With regard to the remainder of the relief sought in these motions, the Court will DENY the motions AS MOOT. This is because after the filing of these- motions, each of the three sets of movants made additional filings wherein they stated that: (1) they had since determined that they do not have the largest financial interest in the case; and (2) they now did not oppose the Court appointing one of the remaining movants as Lead Plaintiff, so long as the Court found at. least one other movant to be a suitable. Lead Plaintiff. (D.I. 21, D.I. 22, D.I. 27; Jani Action, D.I. 21, D.I, 22, D.I. 26) In light of the Court's decision herein, in which the Court finds Cook and Dyson to be a suitable Lead Plaintiff, the remainder of these movants' requests for relief are now moot.
. The bankruptcy case is currently pending in the United States Bankruptcy Court for the District of Delaware. In re Horsehead Holding Corp., et al., Case No. 16-10287-CSS (Bankr. D. Del).
. The Anackers’ loss chart actually indicates a slightly smaller loss of $239,600,74. (D.I. 12, ex. B) This discrepancy does not affect the Court's analysis here, as this version of the Anackers’ alleged losses are less than those of Cook and Dyson in any event,
. In their briefs, the parties do not discuss other factors that a court may look to in determining who has the largest financial interest in a case (such as the number of shares purchased during the putative class period, or the total net funds expended during the class period); For that reason, the Court focuses here exclusively on the respective losses suffered by the competing plaintiffs.
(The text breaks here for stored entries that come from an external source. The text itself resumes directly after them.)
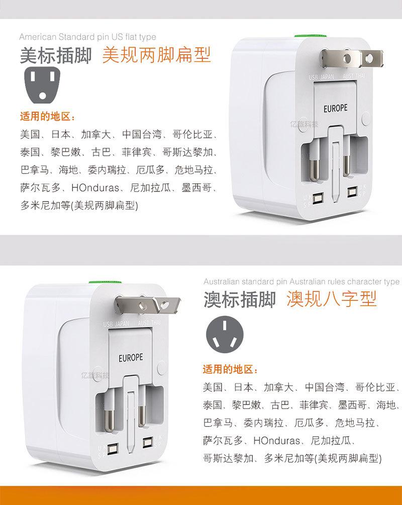 7. Tipo de enchufe: estándar americano, estándar australiano, estándar británico, estándar europeo, cuatro tipos de enchufes en uno.
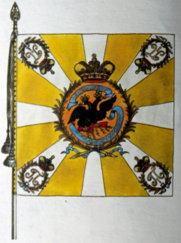 Naturlich gab es bei all diesen Vorschriften auch zahlreiche Ausnahmen. So bekam das Pawlow Grenadier-Regiment 1813 neue Fahnen, jedoch 3 Fahnen pro Bataillon (für das 2. und 3., welche im Feld standen), wobei jede Füsilier-Kompanie ein Fahne erhielt.
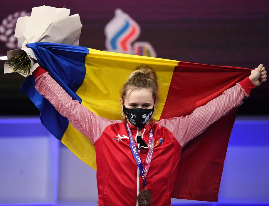 6510922 07.04.2021 Romania's Raluca Olaru celebrates her bronze medal during the awarding ceremony for the women's 71 kg category competition at the European Weightlifting Championships in Moscow, Russia.,Image: 603977119, License: Rights-managed, Restrictions: , Model Release: no
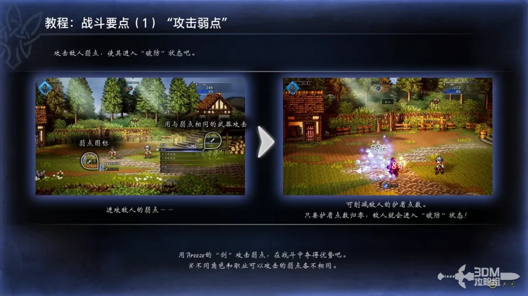 攻击敌人的弱点,将敌人名字旁边的盾牌点数清零,敌人就会进入“破防”状态。
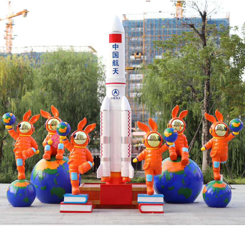 야외 풍경 그물 빨간 펀치 공간 토끼 장식품 만화 우주 비행사 로켓 조각 쇼핑몰 학교 아름다움 첸 장식
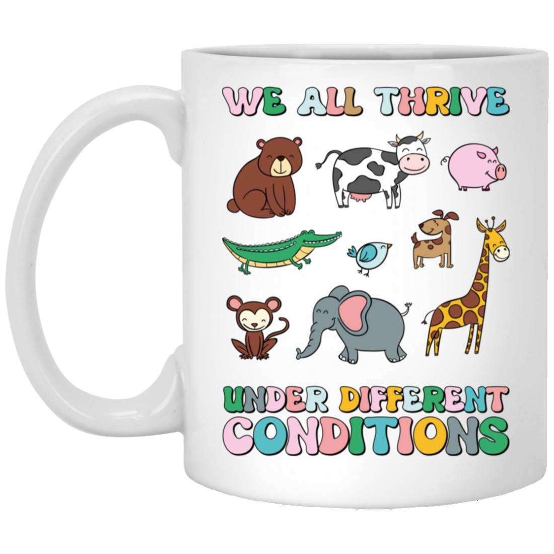 We All Thrive Under Different Conditions, Love Animals White Mug
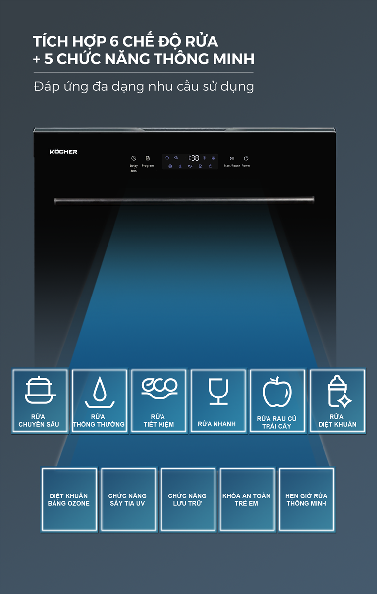 Máy rửa bát Kocher KDEU-8839 được tích hợp 6 chương trình rửa bao gồm rửa chuyên sâu, rửa thường, rửa tiết kiệm, rửa nhanh, rửa rau củ trái cây, rửa diệt khuẩn cùng với 5 chức năng thông minh như: Diệt khuẩn bằng Ozone, chức năng sấy bằng tia UV, chức năng lưu trữ, khóa an toàn trẻ em, hẹn giờ rửa thông minh.
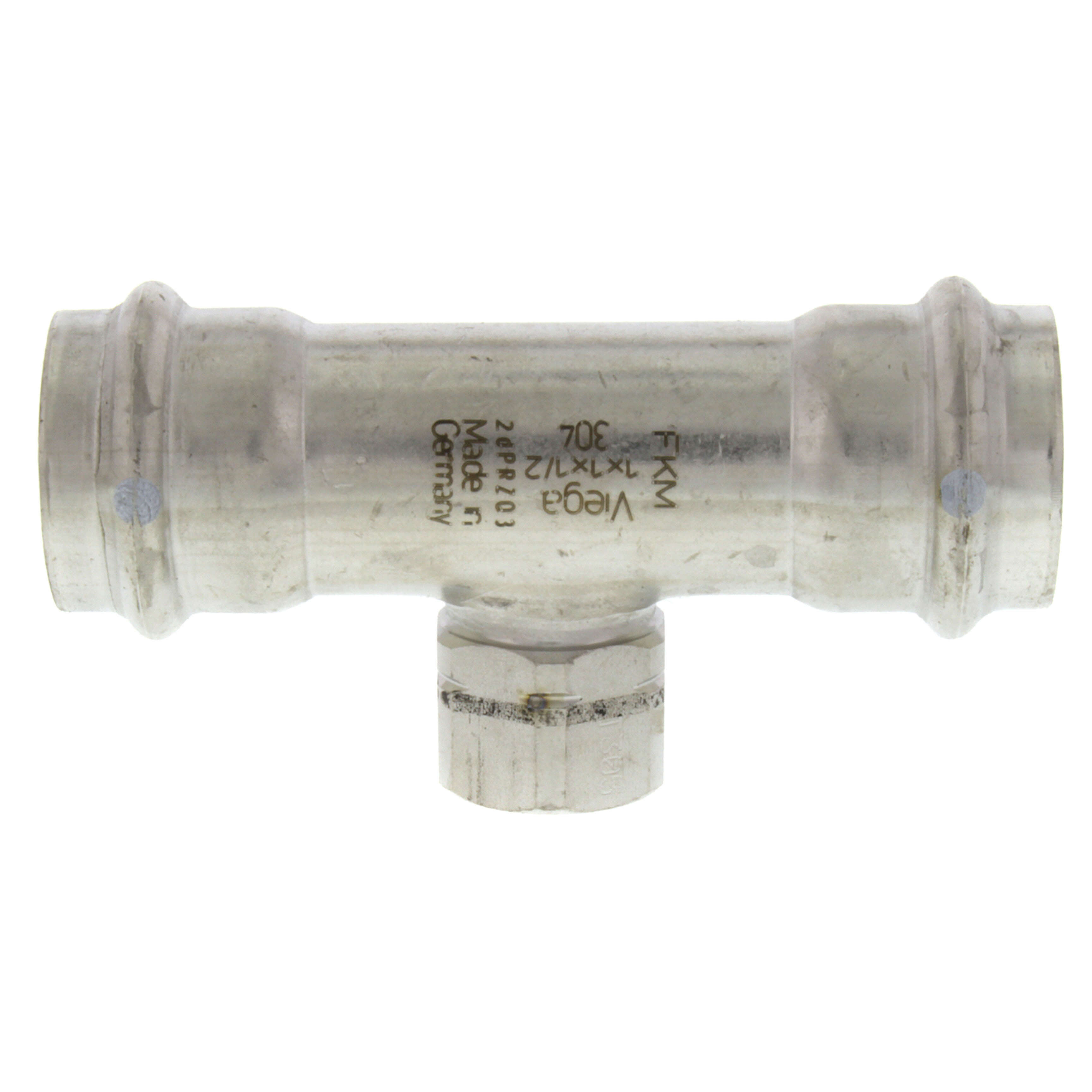Viega 85842 is a ProPress 304 Stainless Steel Reducing Tee designed for plumbing applications. This tee connects pipes with a unique combination of ProPress and FNPT connections. The Smart Connect feature assists in achieving reliable joints.
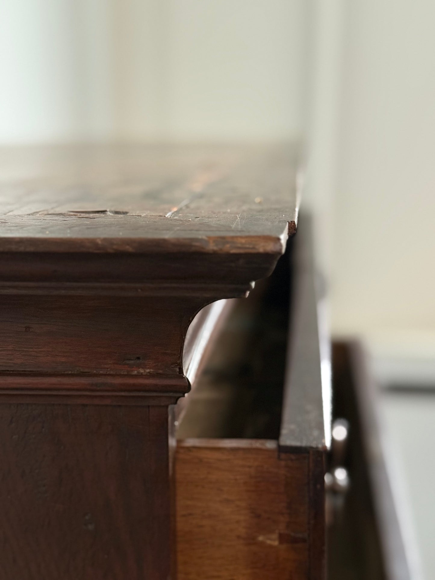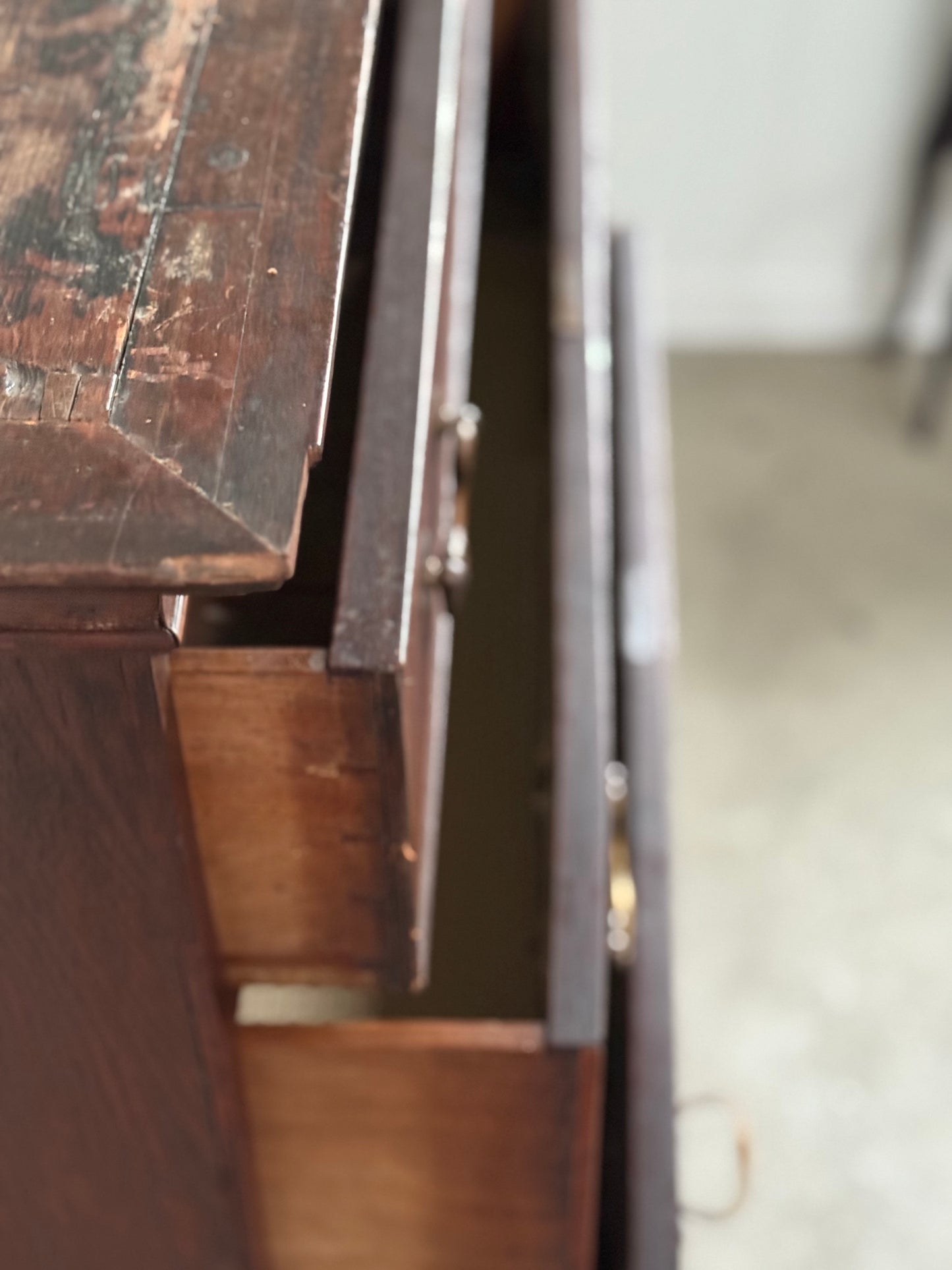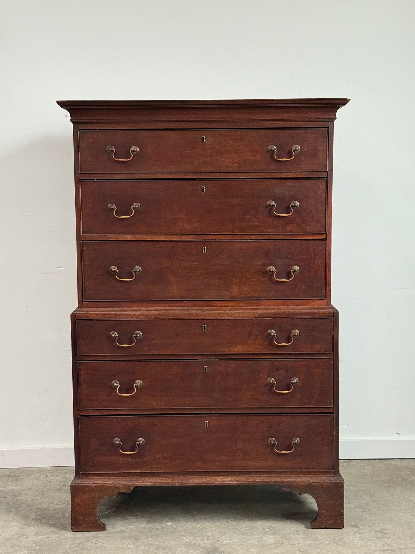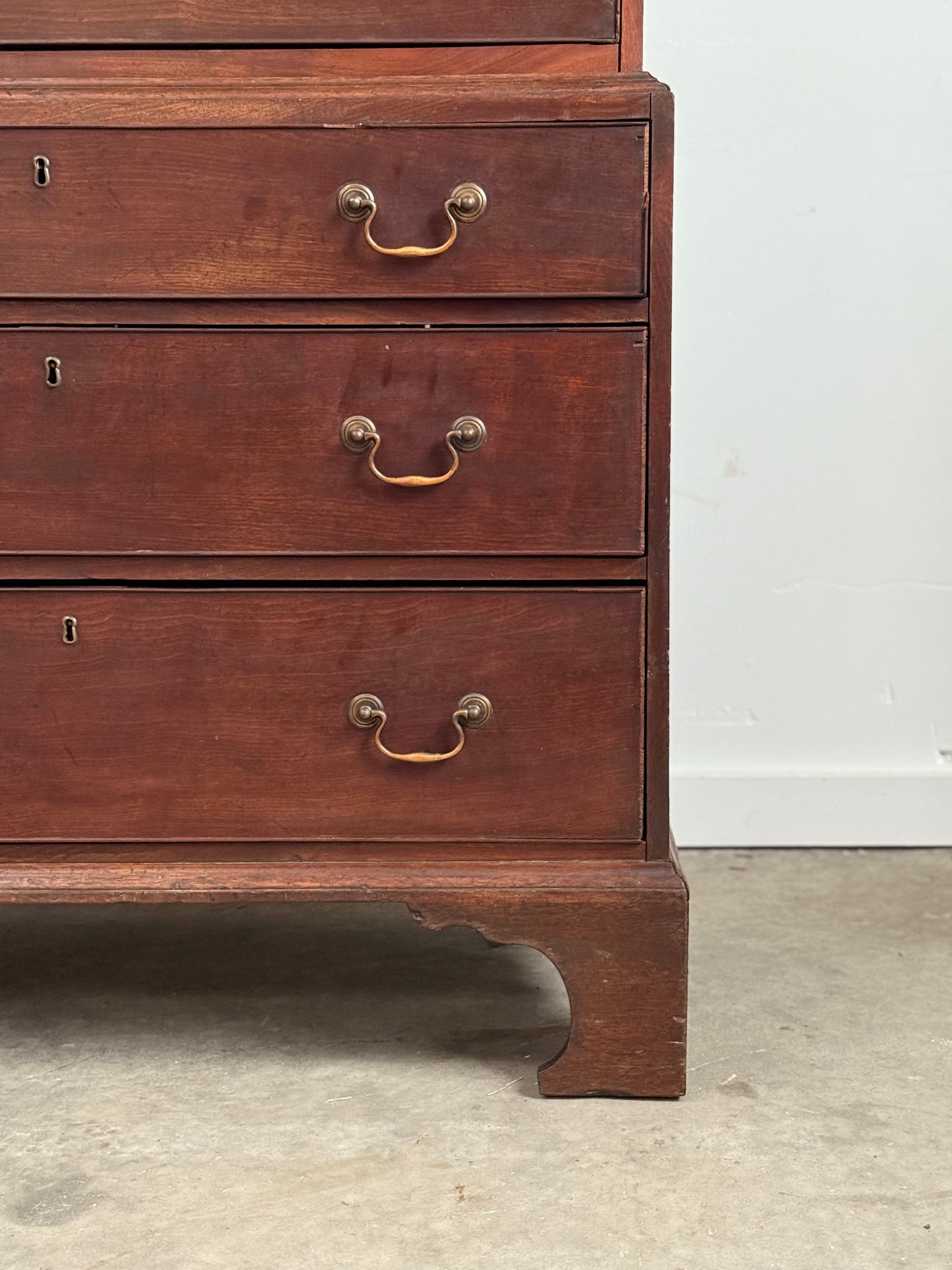 18th Century Chest on Chest of Drawers. Gorgeous in excellent condition with original finish. English Newspaper Lining from 1838. Large and striking Piece.

. The Anackers make several arguments as to why Cook and Dyson would not be adequate representatives of the putative class. (See D.I. 24 at 9-14; D.I. 29 at 2-5) Because these arguments are not plain from the face of the pleadings or Cook and Dyson's application, the Court will address them in the “Rebuttals” section below. See Cendant, 264 F.3d at 263-64.
. Perhaps the statement in Cook's or Dyson's letters that is the hardest to square with the allegations in paragraph 6 of the Complaints is the assertion in Dyson’s letter that "Horse-head was using similar technology to existing manufacturing sites throughout the world [at the Mooresboro Facility, and] that once the inevitable teething problems that always occur” were fixed there, the Mooresboro Facility "would be able to reach close to 100% name plate capacity.” (D.I. 25, ex. D at 3) This seems at least potentially at odds with the Complaints’ allegation that the Moores-boro Facility had "relied on new and unproven technologies[.]” (D.I. 1 at ¶ 6; Jani Action, D.I. 1 at ¶ 6) But given how broad both statements are, and how little additional explanation the Anackers provide as to the nature of this asserted conflict,- any potential inconsistencies are not clear enough to warrant the rebuttal of the presumption. It might be, for example, that much of the technology that Horsehead used at the facility was similar to that used by existing manufacturing sites, while a subset of the Mooresboro Facility’s equipment was "new and unproven,” At any rate, again, there simply is not enough information provided by the Anackers to conclude that a real conflict exists here.
. The Anackers note, and the Court acknowledges, that some of the statements in Cook and Dyson’s declaration (as to how they came together, and how they will work together) are vague. (D.I. 24 at 10) But while it could have been more specific, the declaration at least demonstrates some forethought by Cook and Dyson about what is required of an adequate lead plaintiff, which helps their cause here.
. In Huff, the Second' Circuit noted that "courts historically have permitted '[tjrustees [to] bring suits to benefit their trusts[.]’ ” Huff, 549 F.3d at 109-10 (quoting Sprint, 128 S.Ct. at 2543).